▶ REQUIREMENT: Transcribe the data that follows precisely, omitting nothing.

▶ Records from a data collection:
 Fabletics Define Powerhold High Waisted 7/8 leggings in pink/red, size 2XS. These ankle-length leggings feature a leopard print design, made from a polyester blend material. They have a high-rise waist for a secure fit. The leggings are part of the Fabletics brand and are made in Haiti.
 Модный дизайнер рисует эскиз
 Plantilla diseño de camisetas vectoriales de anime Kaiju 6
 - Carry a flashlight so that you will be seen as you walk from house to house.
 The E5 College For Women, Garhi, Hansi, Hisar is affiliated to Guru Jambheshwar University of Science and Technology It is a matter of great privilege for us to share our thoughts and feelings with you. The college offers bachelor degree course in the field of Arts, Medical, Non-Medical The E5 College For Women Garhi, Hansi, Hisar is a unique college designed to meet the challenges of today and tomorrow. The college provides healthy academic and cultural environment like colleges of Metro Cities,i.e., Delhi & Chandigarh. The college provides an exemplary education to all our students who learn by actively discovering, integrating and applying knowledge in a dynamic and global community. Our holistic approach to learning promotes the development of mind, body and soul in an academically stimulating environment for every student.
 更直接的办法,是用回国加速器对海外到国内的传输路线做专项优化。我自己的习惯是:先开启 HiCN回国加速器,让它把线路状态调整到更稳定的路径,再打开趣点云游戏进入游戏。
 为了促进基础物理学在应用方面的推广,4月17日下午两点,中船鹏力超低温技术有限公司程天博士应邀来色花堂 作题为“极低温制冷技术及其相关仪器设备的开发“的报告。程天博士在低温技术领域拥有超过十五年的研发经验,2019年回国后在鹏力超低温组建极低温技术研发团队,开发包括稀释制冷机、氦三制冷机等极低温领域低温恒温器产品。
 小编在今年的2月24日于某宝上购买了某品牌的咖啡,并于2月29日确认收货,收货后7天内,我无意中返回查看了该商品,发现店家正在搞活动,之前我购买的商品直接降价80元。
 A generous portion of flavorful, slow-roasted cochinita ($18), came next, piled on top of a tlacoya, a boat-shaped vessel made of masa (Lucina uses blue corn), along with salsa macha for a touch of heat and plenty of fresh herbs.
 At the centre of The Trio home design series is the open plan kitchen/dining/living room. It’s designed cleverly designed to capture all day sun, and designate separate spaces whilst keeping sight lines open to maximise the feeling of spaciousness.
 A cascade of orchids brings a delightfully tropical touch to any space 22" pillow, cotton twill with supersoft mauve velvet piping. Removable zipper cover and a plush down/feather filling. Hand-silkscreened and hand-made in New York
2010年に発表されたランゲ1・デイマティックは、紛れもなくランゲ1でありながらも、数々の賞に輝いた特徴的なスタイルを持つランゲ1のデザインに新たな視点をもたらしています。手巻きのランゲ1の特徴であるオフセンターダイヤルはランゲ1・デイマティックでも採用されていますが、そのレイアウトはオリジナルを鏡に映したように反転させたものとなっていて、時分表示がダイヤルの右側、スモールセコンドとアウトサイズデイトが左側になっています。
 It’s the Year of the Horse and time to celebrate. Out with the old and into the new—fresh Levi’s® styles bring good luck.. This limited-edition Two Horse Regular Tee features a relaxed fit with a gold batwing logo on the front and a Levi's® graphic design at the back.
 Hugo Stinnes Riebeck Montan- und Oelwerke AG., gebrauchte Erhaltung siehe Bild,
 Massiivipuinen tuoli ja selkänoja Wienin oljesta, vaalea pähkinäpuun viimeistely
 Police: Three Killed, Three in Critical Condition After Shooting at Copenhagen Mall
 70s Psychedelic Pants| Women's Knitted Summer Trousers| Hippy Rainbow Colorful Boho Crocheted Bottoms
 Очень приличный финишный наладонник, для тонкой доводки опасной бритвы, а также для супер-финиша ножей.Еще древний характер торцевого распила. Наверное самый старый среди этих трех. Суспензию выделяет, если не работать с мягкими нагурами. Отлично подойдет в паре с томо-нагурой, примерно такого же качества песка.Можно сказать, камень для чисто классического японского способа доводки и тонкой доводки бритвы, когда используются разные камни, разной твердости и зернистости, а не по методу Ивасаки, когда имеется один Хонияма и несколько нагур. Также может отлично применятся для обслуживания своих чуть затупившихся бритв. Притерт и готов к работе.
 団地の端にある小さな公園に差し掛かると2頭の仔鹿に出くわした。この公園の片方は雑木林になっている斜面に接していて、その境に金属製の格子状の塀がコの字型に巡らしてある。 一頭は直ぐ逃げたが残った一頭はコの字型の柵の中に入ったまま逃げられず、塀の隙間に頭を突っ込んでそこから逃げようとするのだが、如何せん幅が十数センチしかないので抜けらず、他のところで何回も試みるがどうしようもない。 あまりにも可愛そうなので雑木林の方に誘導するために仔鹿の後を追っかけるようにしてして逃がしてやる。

▶ OUTPUT FOR THIS TASK:
 Fabletics Define Powerhold High Waisted 7/8 leggings in pink/red, size 2XS. These ankle-length leggings feature a leopard print design, made from a polyester blend material. They have a high-rise waist for a secure fit. The leggings are part of the Fabletics brand and are made in Haiti.
 Модный дизайнер рисует эскиз
 Plantilla diseño de camisetas vectoriales de anime Kaiju 6
 - Carry a flashlight so that you will be seen as you walk from house to house.
 The E5 College For Women, Garhi, Hansi, Hisar is affiliated to Guru Jambheshwar University of Science and Technology It is a matter of great privilege for us to share our thoughts and feelings with you. The college offers bachelor degree course in the field of Arts, Medical, Non-Medical The E5 College For Women Garhi, Hansi, Hisar is a unique college designed to meet the challenges of today and tomorrow. The college provides healthy academic and cultural environment like colleges of Metro Cities,i.e., Delhi & Chandigarh. The college provides an exemplary education to all our students who learn by actively discovering, integrating and applying knowledge in a dynamic and global community. Our holistic approach to learning promotes the development of mind, body and soul in an academically stimulating environment for every student.
 更直接的办法,是用回国加速器对海外到国内的传输路线做专项优化。我自己的习惯是:先开启 HiCN回国加速器,让它把线路状态调整到更稳定的路径,再打开趣点云游戏进入游戏。
 为了促进基础物理学在应用方面的推广,4月17日下午两点,中船鹏力超低温技术有限公司程天博士应邀来色花堂 作题为“极低温制冷技术及其相关仪器设备的开发“的报告。程天博士在低温技术领域拥有超过十五年的研发经验,2019年回国后在鹏力超低温组建极低温技术研发团队,开发包括稀释制冷机、氦三制冷机等极低温领域低温恒温器产品。
 小编在今年的2月24日于某宝上购买了某品牌的咖啡,并于2月29日确认收货,收货后7天内,我无意中返回查看了该商品,发现店家正在搞活动,之前我购买的商品直接降价80元。
 A generous portion of flavorful, slow-roasted cochinita ($18), came next, piled on top of a tlacoya, a boat-shaped vessel made of masa (Lucina uses blue corn), along with salsa macha for a touch of heat and plenty of fresh herbs.
 At the centre of The Trio home design series is the open plan kitchen/dining/living room. It’s designed cleverly designed to capture all day sun, and designate separate spaces whilst keeping sight lines open to maximise the feeling of spaciousness.
 A cascade of orchids brings a delightfully tropical touch to any space 22" pillow, cotton twill with supersoft mauve velvet piping. Removable zipper cover and a plush down/feather filling. Hand-silkscreened and hand-made in New York
2010年に発表されたランゲ1・デイマティックは、紛れもなくランゲ1でありながらも、数々の賞に輝いた特徴的なスタイルを持つランゲ1のデザインに新たな視点をもたらしています。手巻きのランゲ1の特徴であるオフセンターダイヤルはランゲ1・デイマティックでも採用されていますが、そのレイアウトはオリジナルを鏡に映したように反転させたものとなっていて、時分表示がダイヤルの右側、スモールセコンドとアウトサイズデイトが左側になっています。
 It’s the Year of the Horse and time to celebrate. Out with the old and into the new—fresh Levi’s® styles bring good luck.. This limited-edition Two Horse Regular Tee features a relaxed fit with a gold batwing logo on the front and a Levi's® graphic design at the back.
 Hugo Stinnes Riebeck Montan- und Oelwerke AG., gebrauchte Erhaltung siehe Bild,
 Massiivipuinen tuoli ja selkänoja Wienin oljesta, vaalea pähkinäpuun viimeistely
 Police: Three Killed, Three in Critical Condition After Shooting at Copenhagen Mall
 70s Psychedelic Pants| Women's Knitted Summer Trousers| Hippy Rainbow Colorful Boho Crocheted Bottoms
 Очень приличный финишный наладонник, для тонкой доводки опасной бритвы, а также для супер-финиша ножей.Еще древний характер торцевого распила. Наверное самый старый среди этих трех. Суспензию выделяет, если не работать с мягкими нагурами. Отлично подойдет в паре с томо-нагурой, примерно такого же качества песка.Можно сказать, камень для чисто классического японского способа доводки и тонкой доводки бритвы, когда используются разные камни, разной твердости и зернистости, а не по методу Ивасаки, когда имеется один Хонияма и несколько нагур. Также может отлично применятся для обслуживания своих чуть затупившихся бритв. Притерт и готов к работе.
 団地の端にある小さな公園に差し掛かると2頭の仔鹿に出くわした。この公園の片方は雑木林になっている斜面に接していて、その境に金属製の格子状の塀がコの字型に巡らしてある。 一頭は直ぐ逃げたが残った一頭はコの字型の柵の中に入ったまま逃げられず、塀の隙間に頭を突っ込んでそこから逃げようとするのだが、如何せん幅が十数センチしかないので抜けらず、他のところで何回も試みるがどうしようもない。 あまりにも可愛そうなので雑木林の方に誘導するために仔鹿の後を追っかけるようにしてして逃がしてやる。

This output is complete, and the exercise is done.